Structural Diagnosis

The anatomy and biomechanics of the cervical spine result in five somatic dysfunctions.  The typical cervical segments (C3-C7) have non-neutral dysfunction with either a forward-bending or backward-bending restriction together with a coupled side-bending and rotation restriction to the same side (Type II motion).

At the atlantoaxial (C1-C2) junction, the primary somatic dysfunction is that of restriction of rotation to one side or the other.  While there may be minor forward/backward-bending and side-bending components to the rotational restriction, adequate treatment to the rotational restriction restores the minor movement motion simultaneously.

At the occipitoatlantal (C0-C1) junction, there are two dysfunctions possible.  There will either be forward-bending or backward-bending restriction with coupled side-bending and rotation to opposite side (Type I motion).
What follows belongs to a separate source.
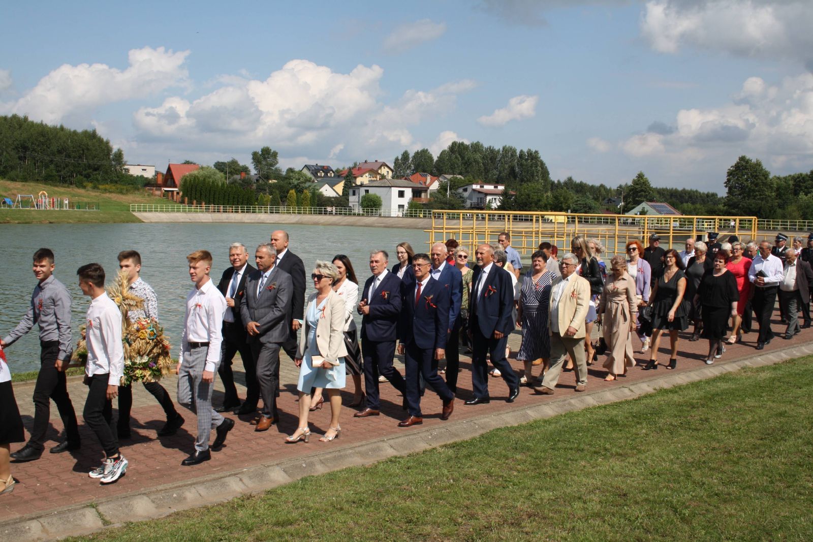 Dożynki rozpoczęły się mszą świętą dziękczynną za zebrane plony, którą odprawił zaproszony ksiądz Prałat Stanisław Szczerek oraz ks. Proboszcz Parafii Jastrząb Zbigniew Tuchowski. Następnie po ceremonii korowód dożynkowy z pięknymi wieńcami, przygotowanymi przez sołectwa Gminy Jastrząb oraz sołectwo Bieszków Górny, wraz z zaproszonymi gośćmi i mieszkańcami przemaszerował z kościoła nad zalew w Jastrzębiu, gdzie odbyła się dalsza część programu. Wójt Gminy Andrzej Bracha przywitał przybyłych gości oraz mieszkańców. Na uroczystości mogliśmy gościć Ministra Marka Suskego, Posłów na Sejm Annę Kwiecień, Agnieszkę Górską oraz Andrzeja Kosztowniaka, Mariusza Skopka przedstawiciela Posła Konrada Frysztaka, Anitę Gołosz Wicestarostę Powiatu Szydłowieckiego, Lucynę Wiśniewską – Dyrektora Powiatowej Stacji Sanitarno-Epidemiologicznej w Radomiu, Elżbietę Pawlak – Dyrektora Powiatowej Stacji Sanitarno-Epidemiologicznej w Szydłowcu, Monikę Pachniewską Kierownika Placówki Terenowej KRUS w Radomiu, Przewodniczącego Rady Gminy Sławomira Binkowskiego, Wiceprzewodniczącego Rady Gminy Wojciecha Warso, Jana Gulę Prezesa Stowarzyszenia LGD Razem na Piaskowcu, Radnych Powiatu Szydłowieckiego, Wójtów ościennych gmin, radnych i sołtysów gminy Jastrząb, dyrektorów szkół, przedszkola i żłobka, Komendanta i Prezesów OSP, Zespoły Ludowe, Koła Gospodyń Wiejskich, Stowarzyszenie Pogodnych Seniorów Gminy Jastrząb, mieszkańców gminy Jastrząb oraz ościennych gmin.

The structural diagnostic process starts by identifying levels of palpable deep muscle hypertonicity.  This identifies segments that need motion testing.  The diagnostic and the therapeutic processes seem to be most satisfactory by beginning from below and moving cephalad.

The bony landmark of most value in the typical cervical segment is the articular pillar.  They are palpated in the deep fascial groove between the semispinalis medially and the cervical longissimus laterally.  The paired examiner’s fingers can localize to the right and left articular pillars of any given cervical segment and introduce motion testing.

The typical cervical segment pillar is the size of the examiner’s finger pad.  The identification of the articular pillars begins by first identifying the spinous process of C2 and C7.  The C2 spinous process is the first bony prominence in the midline caudad to the external occipital protuberance (inion).  The spinous process of C7 (vertebra prominens) is the spinous process that remains palpable during cervical backward-bending.  The articular pillars of C2 and C7 are at the same level as the spinous processes.  Placing the examiner’s fingers between the pillars of C2 and C7 puts the finger pads in contact with with C3, C4, C5, and C6.  This provides the ability to localize to any specific cervical segment.  The structural diagnostic process can be performed in patients in both sitting and supine positions.